__Description of the task__:
Only the pictures are to be left out; write out the rest of the data exactly.

__Provided material__:
★ ★ ★ ★
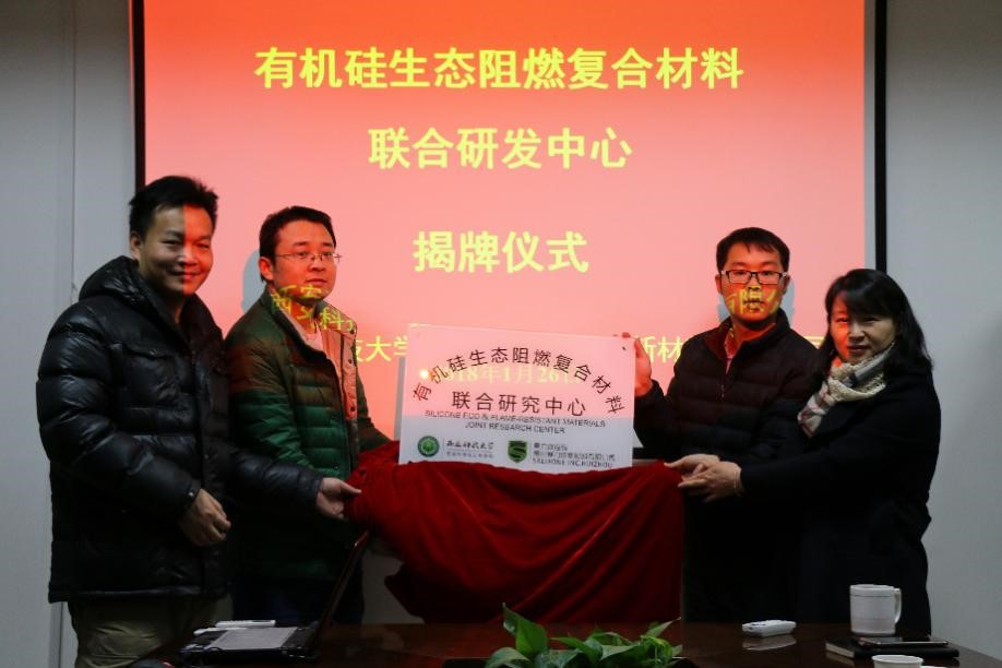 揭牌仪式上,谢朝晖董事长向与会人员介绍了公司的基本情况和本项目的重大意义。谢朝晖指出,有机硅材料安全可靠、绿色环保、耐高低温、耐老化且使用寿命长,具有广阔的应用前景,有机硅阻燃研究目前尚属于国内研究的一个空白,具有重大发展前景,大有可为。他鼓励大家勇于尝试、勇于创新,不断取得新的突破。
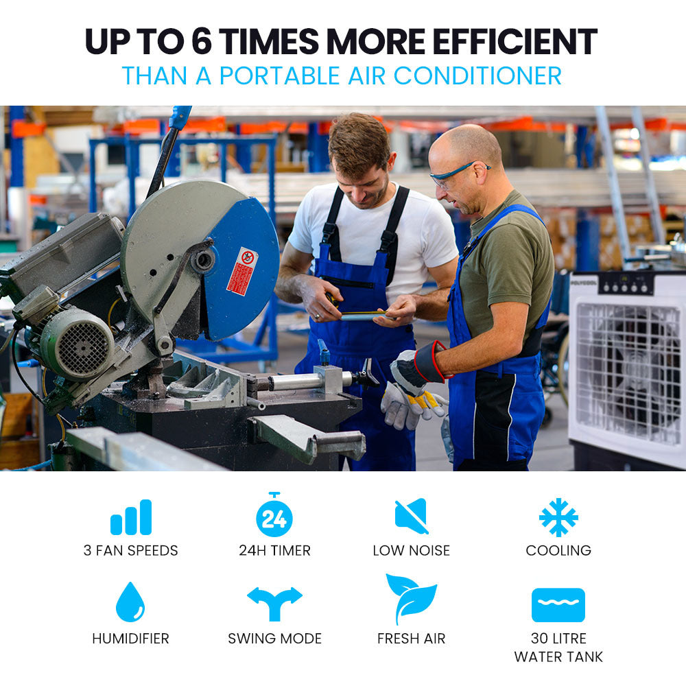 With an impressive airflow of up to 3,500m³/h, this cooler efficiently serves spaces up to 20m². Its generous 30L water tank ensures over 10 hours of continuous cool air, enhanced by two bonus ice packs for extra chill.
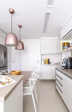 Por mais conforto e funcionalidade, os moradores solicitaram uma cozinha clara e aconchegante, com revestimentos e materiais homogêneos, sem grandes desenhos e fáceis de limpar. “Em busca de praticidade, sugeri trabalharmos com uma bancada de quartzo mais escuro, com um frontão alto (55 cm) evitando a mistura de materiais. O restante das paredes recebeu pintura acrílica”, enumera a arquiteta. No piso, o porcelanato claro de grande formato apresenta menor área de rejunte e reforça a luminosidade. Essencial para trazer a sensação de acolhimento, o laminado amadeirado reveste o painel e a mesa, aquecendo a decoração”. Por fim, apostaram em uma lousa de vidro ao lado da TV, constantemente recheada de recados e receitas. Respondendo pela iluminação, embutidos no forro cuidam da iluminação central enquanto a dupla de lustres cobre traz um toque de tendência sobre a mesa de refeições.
★ ★ ★ ★
__Written response__:
 揭牌仪式上,谢朝晖董事长向与会人员介绍了公司的基本情况和本项目的重大意义。谢朝晖指出,有机硅材料安全可靠、绿色环保、耐高低温、耐老化且使用寿命长,具有广阔的应用前景,有机硅阻燃研究目前尚属于国内研究的一个空白,具有重大发展前景,大有可为。他鼓励大家勇于尝试、勇于创新,不断取得新的突破。
 With an impressive airflow of up to 3,500m³/h, this cooler efficiently serves spaces up to 20m². Its generous 30L water tank ensures over 10 hours of continuous cool air, enhanced by two bonus ice packs for extra chill.
 Por mais conforto e funcionalidade, os moradores solicitaram uma cozinha clara e aconchegante, com revestimentos e materiais homogêneos, sem grandes desenhos e fáceis de limpar. “Em busca de praticidade, sugeri trabalharmos com uma bancada de quartzo mais escuro, com um frontão alto (55 cm) evitando a mistura de materiais. O restante das paredes recebeu pintura acrílica”, enumera a arquiteta. No piso, o porcelanato claro de grande formato apresenta menor área de rejunte e reforça a luminosidade. Essencial para trazer a sensação de acolhimento, o laminado amadeirado reveste o painel e a mesa, aquecendo a decoração”. Por fim, apostaram em uma lousa de vidro ao lado da TV, constantemente recheada de recados e receitas. Respondendo pela iluminação, embutidos no forro cuidam da iluminação central enquanto a dupla de lustres cobre traz um toque de tendência sobre a mesa de refeições.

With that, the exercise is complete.